> _Records to use_:
/---

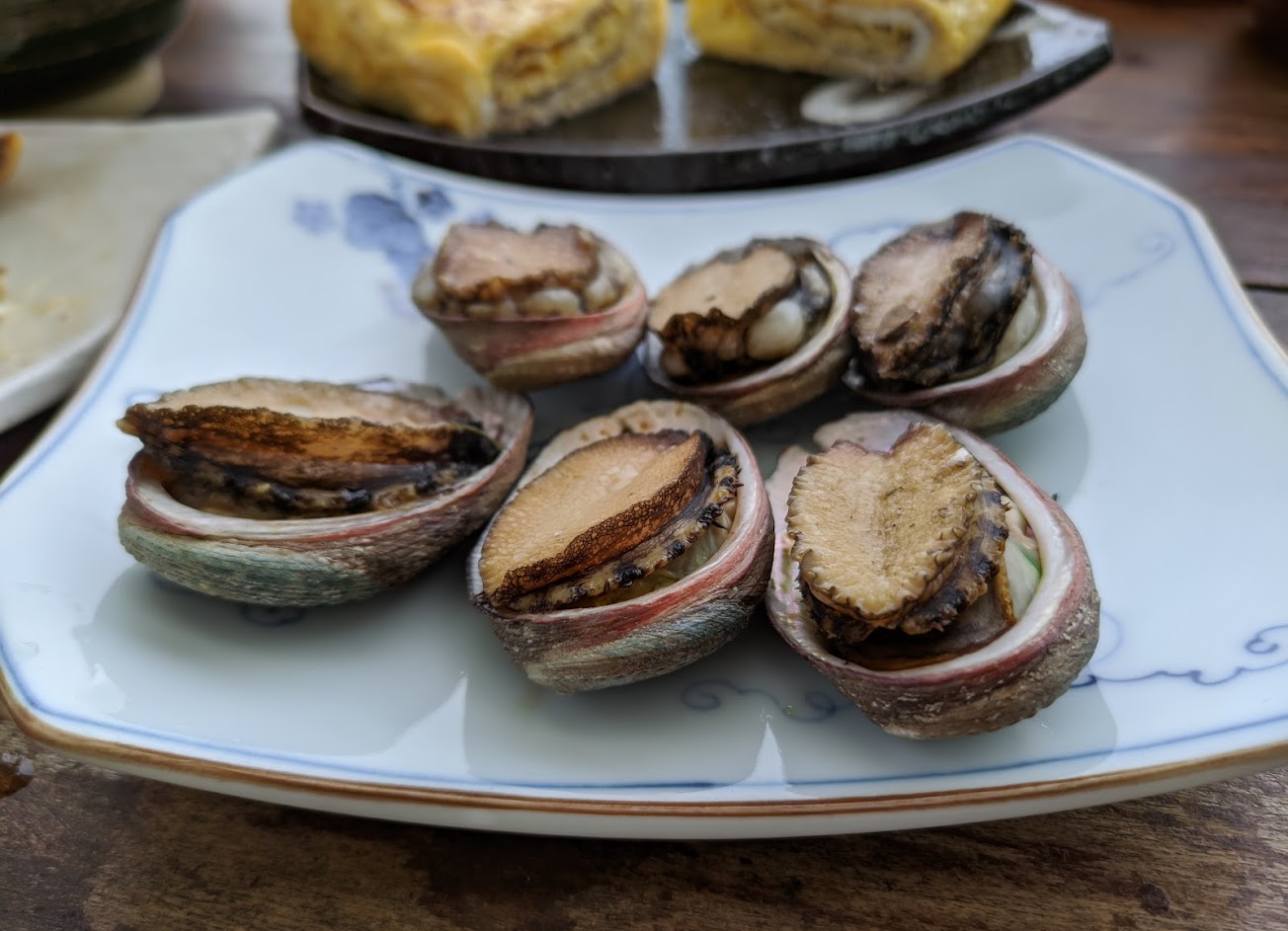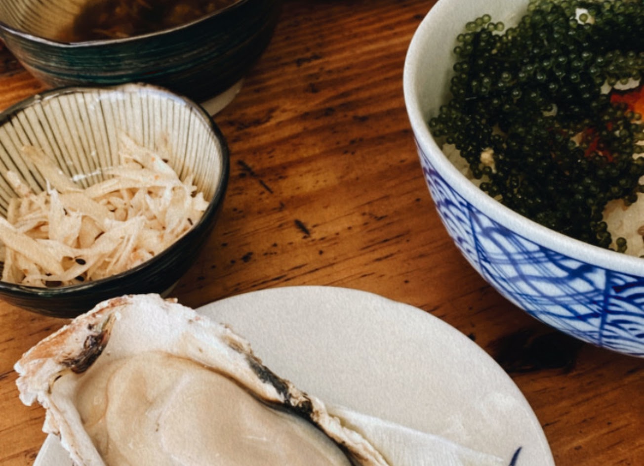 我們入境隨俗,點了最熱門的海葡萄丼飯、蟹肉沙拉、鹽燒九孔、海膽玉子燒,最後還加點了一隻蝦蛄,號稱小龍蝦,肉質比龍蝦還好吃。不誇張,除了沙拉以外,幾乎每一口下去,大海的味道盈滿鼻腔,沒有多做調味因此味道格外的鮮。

\---
/---

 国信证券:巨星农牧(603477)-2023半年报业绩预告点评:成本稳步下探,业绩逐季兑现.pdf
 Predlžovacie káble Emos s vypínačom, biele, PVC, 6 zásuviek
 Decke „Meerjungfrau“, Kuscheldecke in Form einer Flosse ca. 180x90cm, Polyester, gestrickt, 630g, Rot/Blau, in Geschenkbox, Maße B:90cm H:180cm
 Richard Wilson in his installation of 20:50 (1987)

\---

> _Work to be completed_: Begin at the line above that has "Maße B:90cm H:180cm" and stop after the line that has "Richard Wilson in", copying each line exactly and adding nothing else.

> _Reply to the exercise_:
 Decke „Meerjungfrau“, Kuscheldecke in Form einer Flosse ca. 180x90cm, Polyester, gestrickt, 630g, Rot/Blau, in Geschenkbox, Maße B:90cm H:180cm
 Richard Wilson in his installation of 20:50 (1987)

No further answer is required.